"Lily Tak Sempat Melihat Tiga Bidadari Kami" (1)

By nova.id, Senin, 5 September 2011 | 04:18 WIB
Lily Tak Sempat Melihat Tiga Bidadari Kami 1 (nova.id)

Lily Tak Sempat Melihat Tiga Bidadari Kami 1 (nova.id)
Lily Tak Sempat Melihat Tiga Bidadari Kami 1 (nova.id)

"Foto: Dok Pri "

Suka Hanson, Bukan Mozart

Ketika dokter menyatakan jenis kelamin anak-anak kami nantinya perempuan, Lily sangat antusias. Semua keperluan bayi yang dibeli, dipilih warna merah muda. Kebetulan dia juga penyuka warna itu. Bahkan sampai sikat giginya berwarna merah muda.

Jika malam menjelang, kami kerap mengajak mereka ngobrol sambil mengelus-elus perut Lily. Betapa takjubnya kami setiap kali merasakan janin dalam perut Lily bergerak. Sungguh sebuah perasaan yang tak bisa dibeli. Kami juga sempat memperdengarkan karya musik Mozart agar perkembangan janin lebih baik.

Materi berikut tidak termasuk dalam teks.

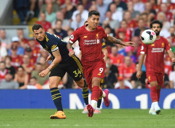 LIVERPOOL, ENGLAND – AUGUST 24: Granit Xhaka of Arsenal is challenged by Roberto Firmino of Liverpool during the Premier League match between Liverpool FC and Arsenal FC at Anfield on August 24, 2019 in Liverpool, United Kingdom. (Photo by David Price/Arsenal FC via Getty Images)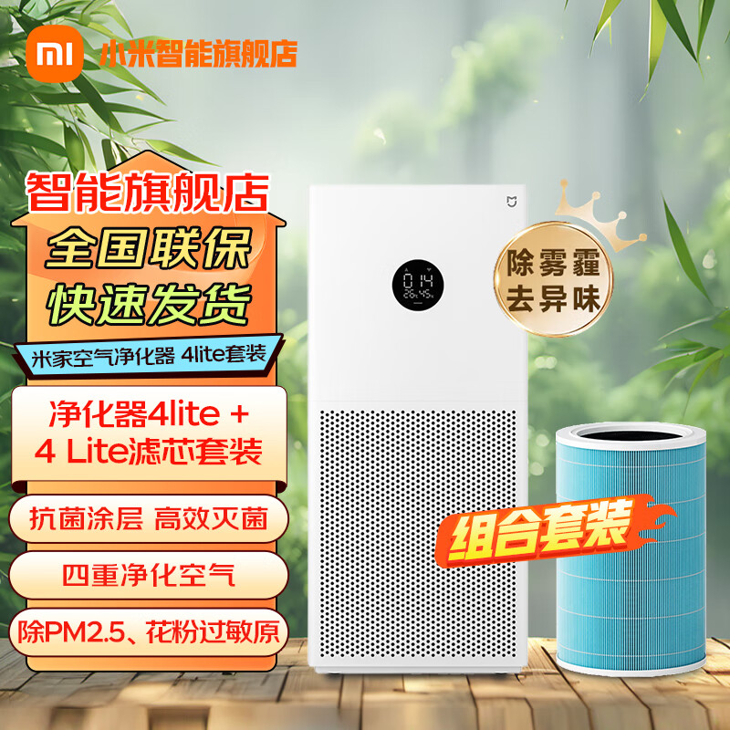 米家小米空气净化器4lite 家用除甲醛除异味PM2.5轻音设计LED显示屏智能控制小巧不占地七夕节礼物推荐 米家空气净化器4lite+原装滤芯
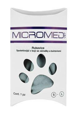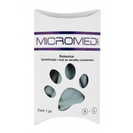 Ošetřující rukavice VET MICROMED jsou určeny především pro ošetření srsti a kůže u psů a koček, ale použít se dají např. i na koně. Vytvořeny jsou z jemného vlákna a integrovaného koloidního stříbra. Použitím této rukavice docílíte nejen očištění Vašeho zvířete, ale také poskytujete antibakteriální ošetření. K dostání ve velikostech S a L.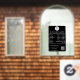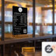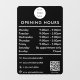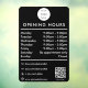A black opening business hours window decal and window cling featuring business logo, QR Code, your custom social media icons and contact details. A personalized shop hours window cling perfect for shop windows and front door signs. Perfect for a business shop owner who would like to notify their customers about its opening hours.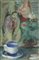 DA MILANO GIULIO F 1895 - 1990 Torino "Interno con pittore, modella e tazza blu" 1933 32x21 olio su tela Opera firmata e datata in alto a sinistra Già Galleria Quaglino Incontri, Torino (etichetta al retro)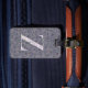 Klassische mit Monogramm Gepäckmarke mit dem Single, erste Monogramm grün auf einem blumengelben Untergrund. Fügen Sie Ihre Kontaktdaten auf der Rückseite hinzu.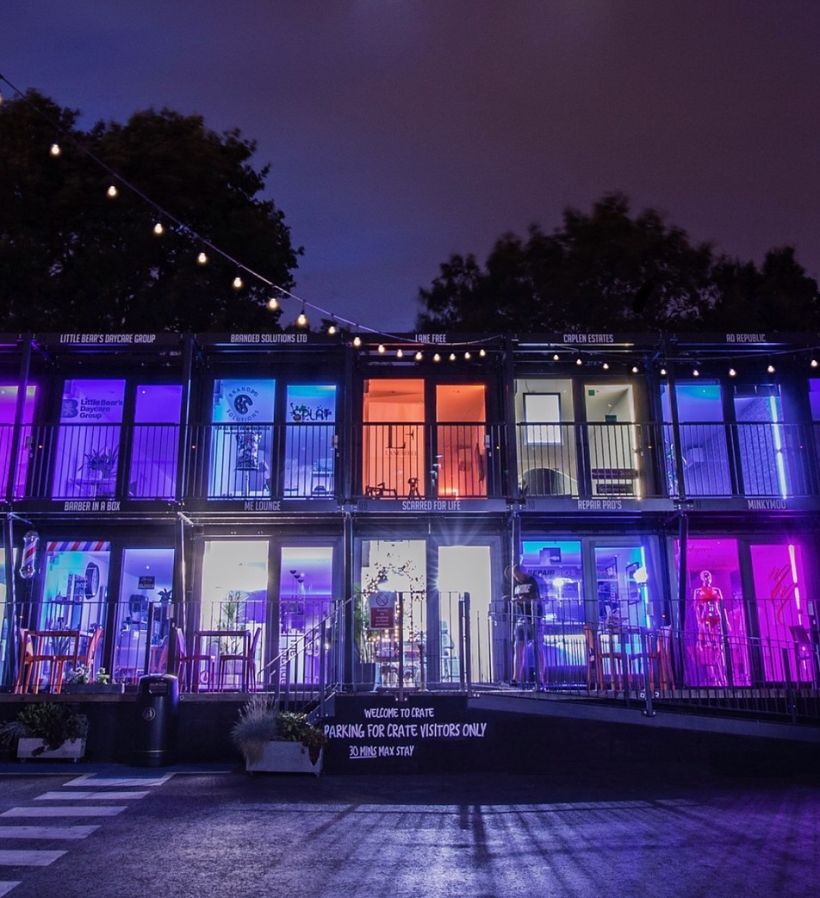 Flexwood supplied and installed 36 sets of Reynaers Aluminium CP155 Sliding doors and CS68 Hinged PAS24/Secured-by-Design rated entrance doors to the front and back of each 40' container in this exiting development. For Costa Coffee unit, we supplied and installed doors and fixed glazed screens. which was the brainchild of Crate founder Adam Walker.
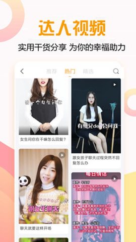3、除了提供丰富的聊天话术和恋爱经验分享,聊天回答神器还提供了恋爱达人干货视频,让你学会聊天,助你快速提高聊天技巧,提高你的情商。

Lucunya, setiap kali diperdengarkan Mozart, tiga bayi ini seakan enggan. Aku ingat sekali ketika itu Lily berkata, "Dedeknya enggak suka musik Mozart, tapi Hanson." Ya, memang sejak remaja Lily memang menyukai band yang terkenal dengan lagu 'Mmmbop' ini. Bahkan dia terbilang aktif dalam perkumpulan penyuka musik Hanson di Indonesia.

Semua keceriaan itu berubah ketika Jumat (5/8) itu Lily meng­aku sesak napas. Katanya, itu sudah dirasakannya sejak beberapa hari belakangan dan semakin berat. Keesokan harinya, sesak napas yang dirasakan Lily semakin parah hingga dia menangis. Aku langsung membawanya ke RS. Tak disangka, dokter yang memeriksa Lily langsung menyarankan Lily dirawat. Bahkan, dokter menyarankan kami untuk segera menjalani operasi Caesar pada Senin (8/8) atau Selasa (9/8).

Alasan dokter ketika itu, Lily men­derita gejala pre-eklampsia karena tensi darahnya juga terbilang tinggi, hingga 160. Pre-eklampsia adalah tekanan darah yang tinggi dan kelebihan kadar protein dalam urin. Biasanya terjadi selama kehamilan atau segera setelah persalinan.

Saran dokter tadi kami tolak dengan alasan keuangan. Lily merasa usia kandungannya baru mencapai 29 minggu. Lily ingin bayinya lahir paling tidak seminggu lagi agar kuat dan matang. Kami takut jika terlalu cepat, ketiga bayi lahir prematur dan harus masuk inkubator. Perawatan bayi di ruangan itu, kan, makan biaya tak sedikit. Terlebih kami mengetahui ada seorang bayi yang saat itu sedang dirawat dalam inkubator selama hampir sebulan dan sudah menghabiskan biaya sekitar Rp 70 juta. Bagaimana dengan kami yang memiliki anak kembar tiga?

Meski begitu, kami sepakat untuk rawat inap. Pertimbangannya, dibanding harus merawat inap Lily dan tiga bayi, bukankah lebih baik merawat inap Lily saja. Apalagi ketika itu Lily mengatakan kondisinya sudah mulai membaik.